Lack of change in microRNA expression in adult mouse liver following treatment with benzo(a)pyrene despite robust mRNA transcriptional response.

Benzo(a)pyrene (BaP) is a mutagenic and carcinogenic environmental contaminant. Metabolic activation of BaP is required for it to exert its mutagenic effects. Metabolism occurs via BaP interaction with the aryl hydrocarbon receptor (AHR) resulting in induction of phase 1 enzymes. Exposure to BaP is expected to cause differential regulation of AHR-responsive genes as well as pathways responding to DNA damage induced by its metabolites. MicroRNAs (miRNAs) are short non-coding molecules that control mRNA levels and protein translation. MiRNA regulation may also be affected by chemical insult. Here we investigate the correlation between hepatic mRNA and miRNA response to BaP in vivo. Mature male mice were orally exposed to 3 daily doses of 150mg/kg BaP. DNA microarrays were used to profile gene and miRNA expression in the liver 4 and 24h following the final dose. Despite widespread changes in gene expression (>400 genes) in pathways consistent with the known effects of BaP, we found no changes in miRNA. This was confirmed on two microarray platforms and by qRT-PCR. Analysis of positive controls (2 distinct reference pools) indicated that the Agilent technology could identify differences in miRNA. The effects of sample storage at -80°C were also compared. We found little effect of prolonged freezing on the technical correlation between samples or on differential expression. Our results are consistent with the lack of response of miRNA in rodent liver to dioxin, another potent AHR-agonist. We conclude that hepatic miRNA in vivo is not directly responsive to BaP exposure.
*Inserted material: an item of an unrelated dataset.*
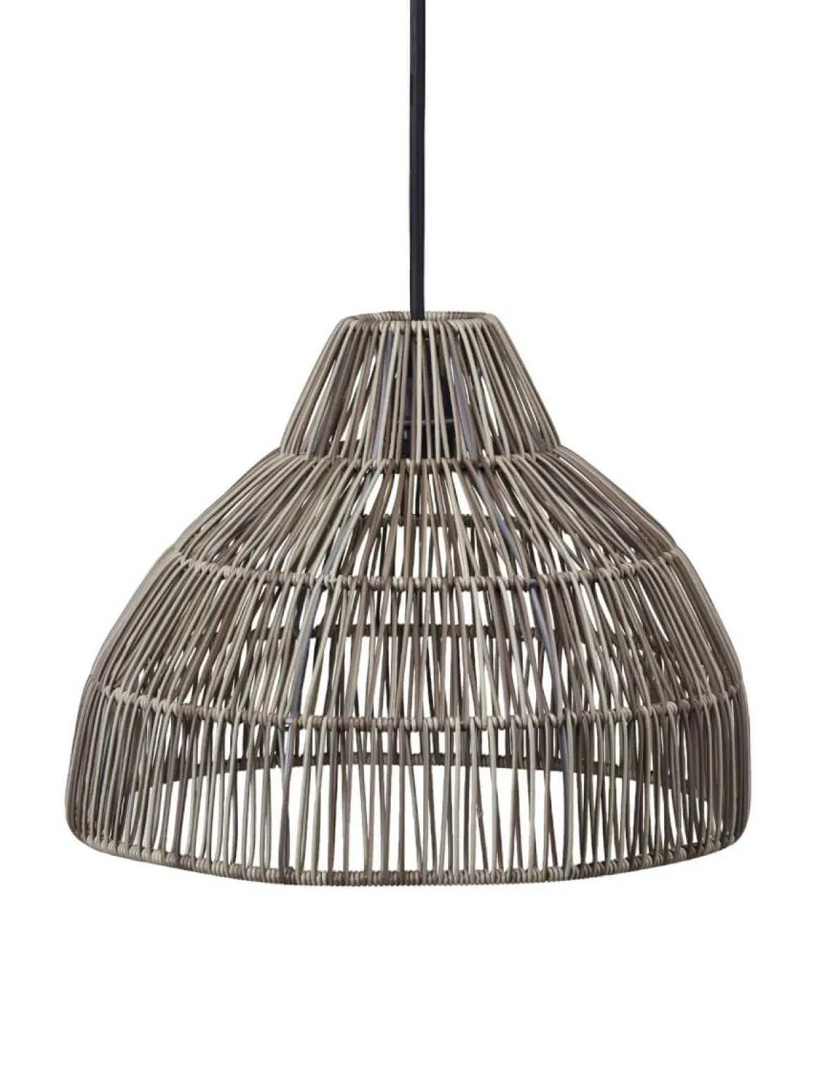 Bao, en grå utomhusskärm i konstrotting från PR-Home.Konstrotting är ett tåligt material som klarar vårt nordiska klimat. Den flätade strukturen skapar ett vackert ljusspel där ljuset tränger sig igenom. Komplett med takupphäng för utomhusbruk. Höjd 30cm, 40cm i diameter.
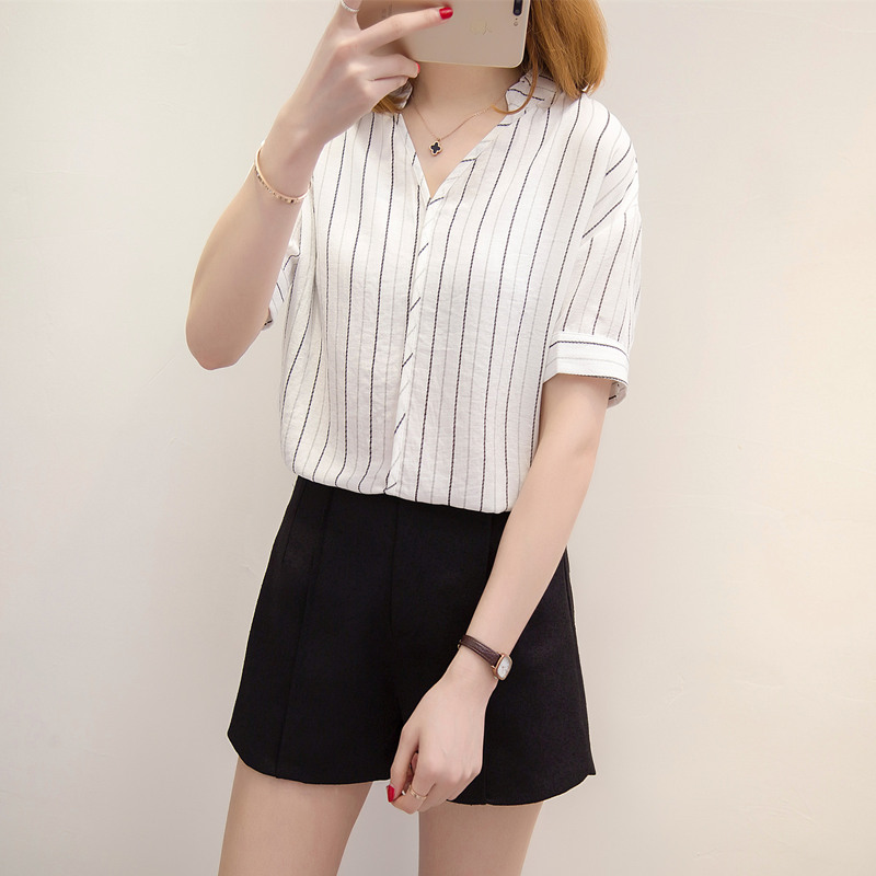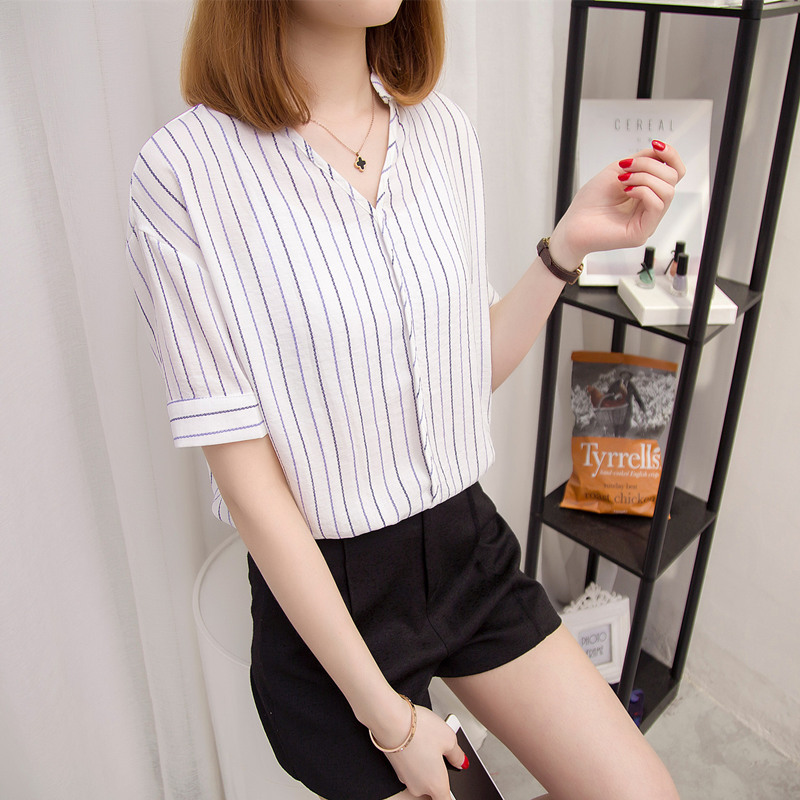 / 條紋襯衫女夏短袖上衣寬松時尚韓版打底衫V領春裝女裝新款潮

Pulmonary gene and microRNA expression changes in mice exposed to benzo(a)pyrene by oral gavage.

Exposure to the environmental mutagen benzo(a)pyrene (BaP) alters the expression of AHR-responsive genes as well as genes involved in other pathways. We recently reported that exposure of adult mice to BaP resulted in a robust transcriptome response in the liver, but this was accompanied by a complete lack of change in microRNA (miRNA) expression. Since BaP exposure does not result in hepatocarcinogenicity, but does cause lung cancer, in the present study we examine the pulmonary mRNA and miRNA responses to BaP in the same mice. Adult male B6C3F1 mice were exposed to 150 and 300 mg/kg BaP by oral gavage for three consecutive days and sacrificed 4h after the last exposure. Serum clinical chemistry was performed for both the doses to assess the general toxicity of BaP; a modest decrease in serum inorganic phosphorous was observed at both the doses. A small decrease in serum glucose following 150 mg/kg and alkaline phosphatase following 300 mg/kg BaP was observed. BaP-DNA adduct levels in whole lung and liver tissues were assessed by (32)P post labelling and similar dose dependent increases were observed for lung and liver. Using DNA microarrays, pulmonary mRNA and miRNA expressions were analysed. Over 1000 genes were statistically differentially expressed (p<0.05). The perturbed pathways included oxidative stress, xenobiotic metabolism, cell proliferation, cell cycle, B and T-cell receptor signalling and primary immunodeficiency signalling pathways. Analysis of miRNA profiles revealed downregulation of miR-150, miR-142-5p, miR-122 and upregulation of miR-34c, miR-34b-5p and miR-29b. These miRNAs are involved in the biological processes, immune response, cell proliferation and cell cycle, which are the main pathways affected at the mRNA level. Thus, miRNAs are more responsive to BaP in lungs than in liver, and are likely to be involved in the regulation of the pulmonary responses to BaP exposure.